Upgrading Azure Kubernetes Service (AKS) Clusters

Keeping your Azure Kubernetes Service (AKS) clusters up-to-date is crucial for security, performance, and accessing the latest features. This guide covers the various methods and best practices for upgrading your AKS clusters.

Understanding AKS Upgrade Concepts

An AKS upgrade involves updating the Kubernetes version of your control plane and agent nodes. AKS provides managed upgrades for the control plane, while agent nodes can be upgraded through several mechanisms.

Control Plane Upgrades

The AKS control plane is a managed service, meaning Microsoft handles its lifecycle, including upgrades. When a new Kubernetes version is released, AKS will eventually make it available for your cluster. You can initiate a control plane upgrade through the Azure portal, Azure CLI, or REST API.

Agent Node Upgrades

Upgrading agent nodes involves updating the operating system and kubelet on the virtual machines that make up your node pools. AKS supports different upgrade strategies for node pools:

  • In-place upgrade: The existing nodes are updated.
  • Surge upgrade: New nodes with the upgraded version are created, and then the old nodes are drained and deleted. This minimizes downtime.

Methods for Upgrading AKS Clusters

1. Azure Portal

The Azure portal offers a user-friendly interface for managing AKS clusters. To upgrade:

  1. Navigate to your AKS cluster in the Azure portal.
  2. In the left-hand menu, under 'Settings', select 'Node pools'.
  3. Select the node pool you wish to upgrade.
  4. Click the 'Upgrade' button and choose the desired Kubernetes version.
  5. Follow the prompts to initiate the upgrade process.

2. Azure CLI

The Azure Command-Line Interface (CLI) is a powerful tool for automating and managing Azure resources.
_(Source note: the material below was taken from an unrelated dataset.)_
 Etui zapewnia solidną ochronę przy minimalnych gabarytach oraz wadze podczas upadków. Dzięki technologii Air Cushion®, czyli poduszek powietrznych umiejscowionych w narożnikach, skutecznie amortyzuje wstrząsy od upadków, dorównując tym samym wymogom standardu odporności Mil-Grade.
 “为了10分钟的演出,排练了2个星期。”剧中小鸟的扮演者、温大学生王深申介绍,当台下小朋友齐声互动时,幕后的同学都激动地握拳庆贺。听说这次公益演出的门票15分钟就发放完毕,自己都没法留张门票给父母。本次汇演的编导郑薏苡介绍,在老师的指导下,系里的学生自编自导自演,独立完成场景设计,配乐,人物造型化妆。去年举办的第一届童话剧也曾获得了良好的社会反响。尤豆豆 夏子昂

Use the following commands:


# Set your subscription and resource group
az account set --subscription ""
az configure --defaults group=""

# List available Kubernetes versions for your cluster
az aks get-versions --output table

# Upgrade the control plane to a specific version
az aks upgrade --name "" --kubernetes-version ""

# Upgrade a specific node pool (using surge upgrade by default if not specified)
az aks nodepool upgrade --resource-group "" --cluster-name "" --name "" --kubernetes-version ""
                

3. Azure REST API / SDKs

For programmatic upgrades and integration into CI/CD pipelines, you can use the Azure REST API or the various Azure SDKs (e.g., Python, Go, .NET).
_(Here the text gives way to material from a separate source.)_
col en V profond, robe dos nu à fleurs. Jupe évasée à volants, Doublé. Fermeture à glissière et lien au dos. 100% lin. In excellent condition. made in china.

Best Practices for AKS Upgrades

  • Test upgrades in a staging environment: Before upgrading production clusters, test the upgrade process and application compatibility in a non-production environment.
  • Review release notes: Always check the Kubernetes and AKS release notes for breaking changes or deprecated features that might affect your applications.
  • Use surge upgrades for node pools: For production environments, leverage surge upgrades to minimize application disruption.
  • Monitor application health during and after upgrades: Keep a close eye on your applications for any unexpected behavior or errors.
  • Perform upgrades during off-peak hours: Schedule upgrades when traffic is minimal to reduce the impact on users.
  • Keep node pools in sync: For consistency, it's generally recommended to upgrade all node pools to the same Kubernetes version.

Important Note

AKS supports upgrading to newer patch versions of the same minor version, and to newer minor versions. You cannot skip minor versions (e.g., from 1.25 to 1.27). Always refer to the official AKS release schedule for supported versions.

Troubleshooting Common Upgrade Issues

If you encounter issues during an upgrade, consider the following:

  • Check pod disruption budgets (PDBs): Ensure your PDBs are configured correctly to allow for graceful node draining during upgrades.
  • Review cluster logs: Examine AKS diagnostic logs and Kubernetes event logs for error messages.
  • Verify resource availability: Ensure sufficient resources are available in your subscription to accommodate new nodes during surge upgrades.